Zac Zenith, a Calgary mortgage broker, needs a kidney donor for a transplant.
Paul Jacobs of Toronto, who is known in the legal and business community, needs a live kidney donation.
Zenith and Jacobs are two of thousands of Canadians, many of them on dialysis, who require a kidney transplant.
When patients are diagnosed with kidney disease, their renal health-care team will help them navigate the process of potentially being put on a transplant list.
Zenith and his wife, Amber, have two children. He was diagnosed with an autoimmune chronic disease called focal segmental glomerulosclerosis (FSGS), and for the past 13 years, his kidney function has dropped significantly. He is now close to having kidney failure, he says.
“I am a hands-on father. My family is my life, and my wish is for their good health and happiness with me here to take care of them. I need a kidney donor.

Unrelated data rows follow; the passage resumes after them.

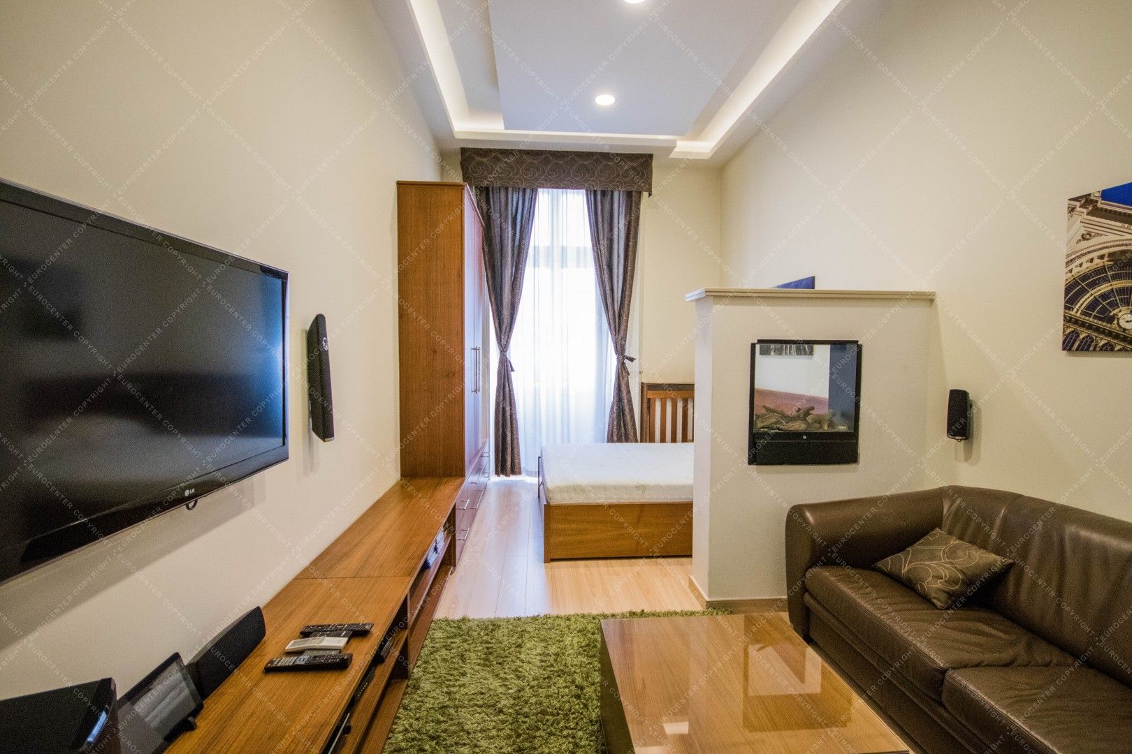 A lakás áll egy konyhás nappaliból, egy hálószobából, egy fürdőszobából, és egy erkélyből.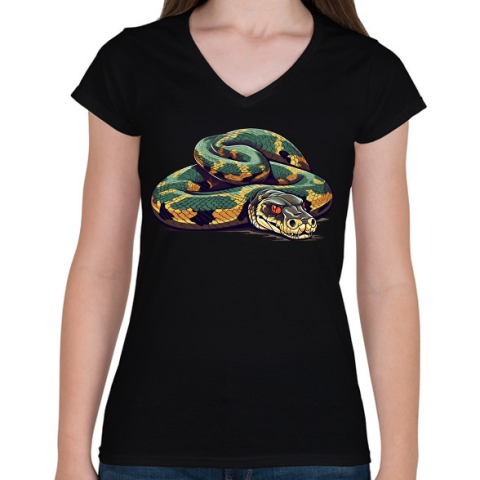 1 kép PRINTFASHION Zöld anakonda - Női V-nyakú póló - Fekete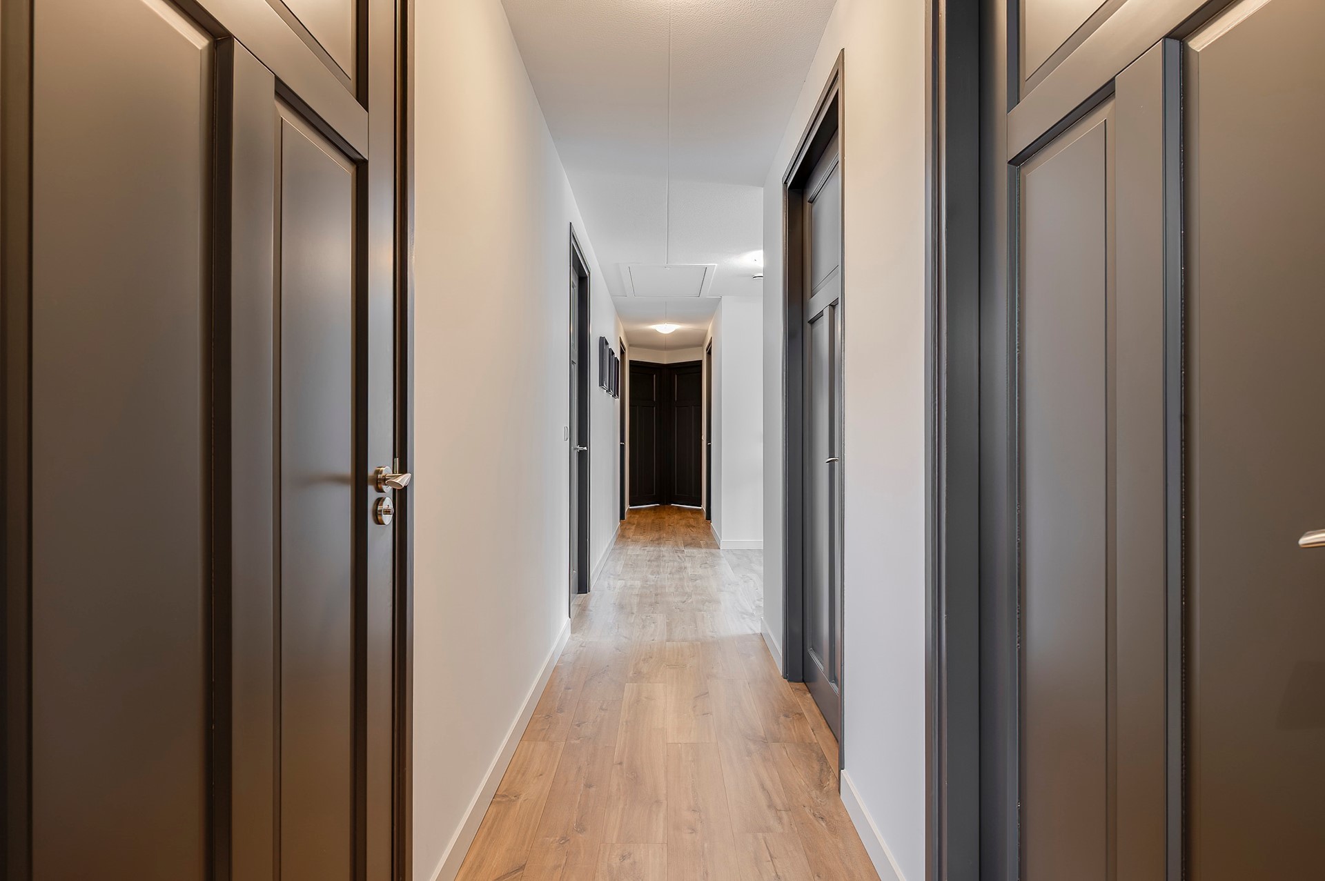 Bij binnenkomst valt direct de vide in de centrale hal op, een schitterende doorkijk naar de bovenverdieping die het gevoel van ruimte versterkt.

“My blood type is O positive and any person with a Blood Type O can be a possible match. My wife, her siblings and cousins are not the same blood type or acceptable donors, as they are either older or younger with various health concerns.”
He notes that a person can live a full and healthy life with one kidney. “A live donor would be a great gift, a mitzvah, a gift of life.”
His mother, Helen Zenith, has taken the lead in finding a donor. She started a Facebook page because, she says, people are turning to social media.
Paul Jacobs’ kidneys failed in 2010, as a result of polycystic kidney disease, which can be inherited. Direct family members are therefore not suitable donors. He went on dialysis three times a week.
Jacobs’ wife, Nellie, volunteered to donate a kidney, and after going through months of testing, they determined that she was compatible and an excellent match.
“We thought we were home-free for the next 20 years,” she says. “Unfortunately, two years ago, his transplanted kidney’s function was compromised by a rare effect of a virus.”
She notes that contrary to widespread belief, “there is no living kidney list in North America.”
Helen Zenith told The CJN that initially it was confusing to figure out the system in Toronto. “You can only apply for a kidney from a deceased donor after you are on dialysis. Zac, who is not on dialysis although his kidney function has dropped significantly, has already done a work-up and he’s been found to be transplant worthy, if a private donor can be found.”
In Ontario, she said, when someone goes on dialysis, he or she is “automatically” added to the bottom of the list of recipients, who typically have to wait seven to 10 years.
Jacobs, the father of four children and eight grandchildren, says he prays to be able to continue his work and to enjoy the freedom to come and go.
Nellie Jacobs told The CJN that “it’s time to create a living kidney registry. The outcome of living kidney donors is excellent. Our bodies are able to adjust and function quite well with only one kidney. I can attest to that.
“The well-being of the potential donor is never compromised for the sake of the recipient.”